As I declared after my Overindulgence part 1 and part 2 posts, I have decided to attempt to dial back things in the shenanigans department for a minute. And I have. And I am bored. Being good is boring. And boring sucks!
It has not been without merit however. By clearing out the distractions and noise that comes with running in chaos most the time, I have realized a few things that I think are worth sharing.
First, I realize that I had become somewhat addicted to the blatant sexual attention that I had been getting from my various guys wanting to be in my rotation. It's not even so much about wanting or needing to be with someone as just knowing that I have the option to if and when I so choose. Basically, I'm spoiled and a tad insecure so knowing that I have options makes me feel better.
I have basically dropped communication with all of them except Secret Agent Man who actually has potential to be something besides recreation, The Man, who is more of a friend than someone I date now, and T, who is still a friend despite our "had to be done" question answering hook up.

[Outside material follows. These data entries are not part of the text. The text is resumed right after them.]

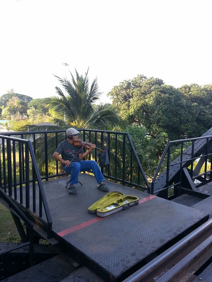 นักดนตรีท่านนี้ครับผม รู้สึกตอนนั้นพี่แกจะสีเพลง The Show ของ Lenka สุดยอดมากครับ ละมุนสุดๆ ผมมีความสุขสุดๆ ผมให้พี่เขาไป 20 บาท ในการสร้างความสุข ในฐานะนักดนตรีเหมือนกัน แต่ไม่ได้ชวนพี่เขาคุยนะครับ ไม่รบกวนดีกว่า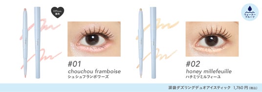 アイドルメイクのキーワード“くすみのないぷっくり涙袋”がつくれる2wayペンシル「涙袋ダズリングデュオアイスティック」。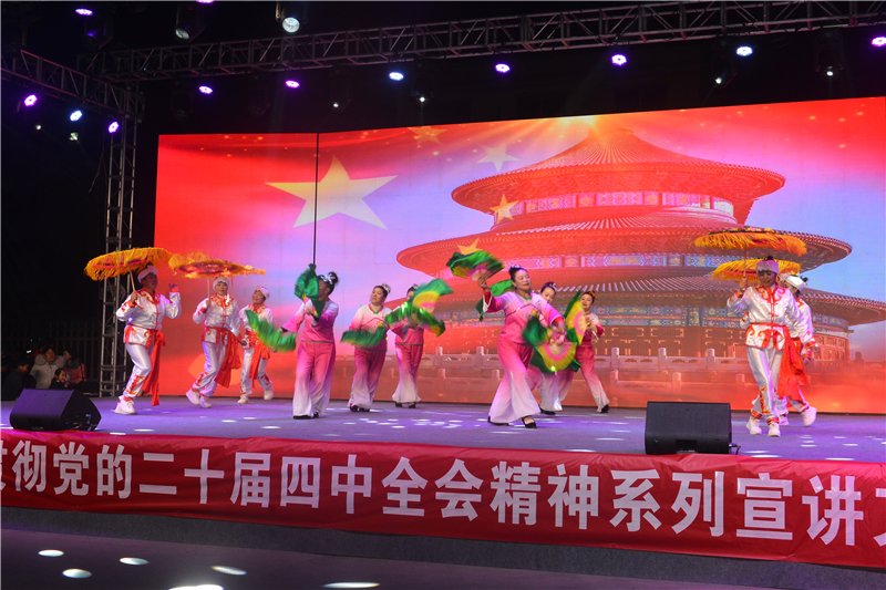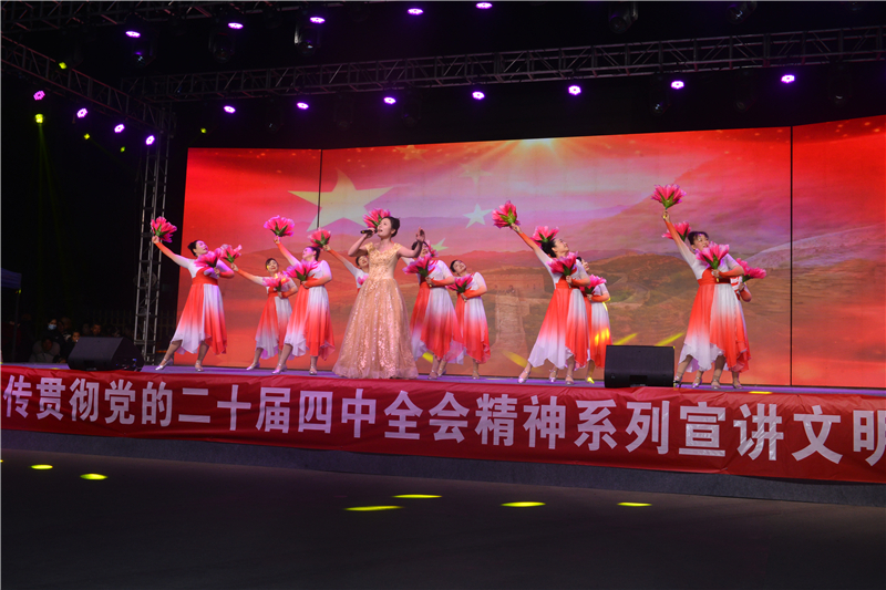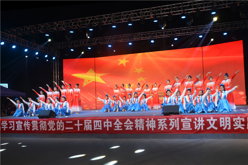 晚會(huì)在淅河鎮(zhèn)第一小學(xué)表演的《鼓舞中國》中拉開活動(dòng)序幕,淅河鎮(zhèn)綜合文化服務(wù)中心舞蹈隊(duì),舞蹈《太陽出來喜洋》,烈山社區(qū)藝術(shù)團(tuán),快板《隨州處處好風(fēng)光》,淅河鎮(zhèn)云龍社區(qū)舞蹈隊(duì),歌伴舞《幸福中國一起走》,淅河鎮(zhèn)第一小學(xué),舞蹈《成長(zhǎng)在祖國的懷抱里》,淅河鎮(zhèn)劉蓮?fù)L(fēng)鑼鼓藝術(shù)團(tuán),非遺表演《打蓮響》,淅河鎮(zhèn)綜合文化站銀杏藝術(shù)團(tuán),情景劇《清潔家園美如畫》,淅河鎮(zhèn)大廟村書記馮享國獨(dú)唱《畫你》,淅河鎮(zhèn)二棉社區(qū)舞蹈一隊(duì),舞蹈《祝福你盛世中華》,淅河鎮(zhèn)土城村金秋舞動(dòng)隊(duì),秧歌舞《紅歌大連唱》,曾都區(qū)中醫(yī)醫(yī)院,朗誦《白衣執(zhí)手,暖照新元》,淅河鎮(zhèn)綜合文化站舞韻藝術(shù)團(tuán),舞蹈《江山》將活動(dòng)推向高潮。老街社區(qū)居民王明軒說,現(xiàn)在黨的政策好,我們淅河鎮(zhèn)經(jīng)常開展大型文藝活動(dòng),送戲下鄉(xiāng),送電影下鄉(xiāng)保障了人民群眾的文化生活,讓我們能夠欣賞高雅藝術(shù),我們住在這里開心,這也是淅河鎮(zhèn)開展新時(shí)代文明實(shí)踐活動(dòng)的成果展示,豐富了我們居民們的文化生活。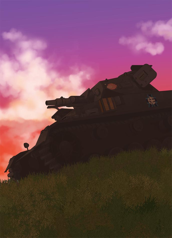 anglerfish caterpillar_tracks cloud emblem evening fish girls_und_panzer grass kabaya_kousuke military military_vehicle motor_vehicle no_humans ooarai_(emblem) panzer_iv panzer_iv sky tank vehicle_focus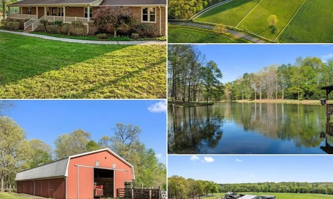 This gated farm property spans 76.9 acres in Midland, North Carolina, and offers a rare mix of pasture, woods, and working infrastructure. The long driveway lined with white fencing sets the tone for a property designed for daily use. Moreover, the land supports both agricultural routines and relaxed outdoor living. Open fields stretch across the front acreage, while wooded sections frame the landscape. As a result, the setting feels private without disconnecting from surrounding roads. Daily life here moves at a steady pace shaped by land and space.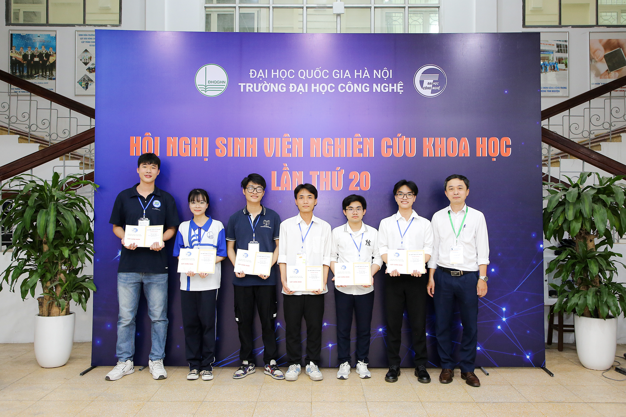 Nhóm nghiên cứu khoa Vật lý kỹ thuật và công nghệ nano đạt giải Nhất (đứng từ thứ 2 đến thứ 4, bên phải ảnh) tại hội nghị sinh viên nghiên cứu khoa học cấp Trường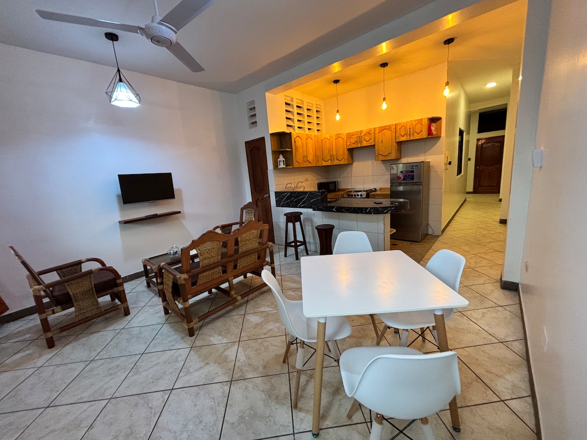 Apartamento independiente, seguro y moderno. Disfruta de una estancia confortable. Su diseño elegante incluye una acogedora sala de estar, cocina totalmente equipada, y las plantas de interior dan un ambiente fresco y relajante. Cuenta con Wi-Fi, televisión y aire acondicionado. Situado en el segundo piso con ingreso privado. La ubicación céntrica facilita el acceso a los puntos de interés de la ciudad. Es ideal para viajeros de negocios o de placer que buscan comodidad y estilo.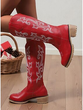 Bottes de cowboy rouges pour femmes avec détails brodés – élégantes bottes hautes d'inspiration western, idéales pour Noël, l'automne et les événements hivernaux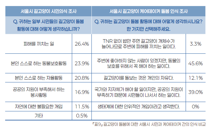 이 단체는 서울시와 함께 지난해 6월부터 10월까지 서울시에서 활동하는 길고양이 ‘케어테이커’ 182명을 대상으로 길고양이 돌봄 인식 설문조사를 실시했습니다.

And I am OK with this. I'm not looking for anything else from anyone else at this point. But, if I am really honest, I miss the excitement of looking for something new, feeling out someone, what they want, what they like, etc. I had gotten really good at that part and to take myself out of the game like this has me feeling a bit bored.
I'm hoping that feeling of "I'm missing something fun" passes soon, and I am sure it will as I find a deeper and more meaningful relationship with someone. If I can even still do that. I have my doubts at this point. I am really good at being detached.
So there you have it kids, my moment of reflection for the day. Hopefully I'm not boring the shit out of you with my lack of shenanigans but if I am? Oh well, too bad!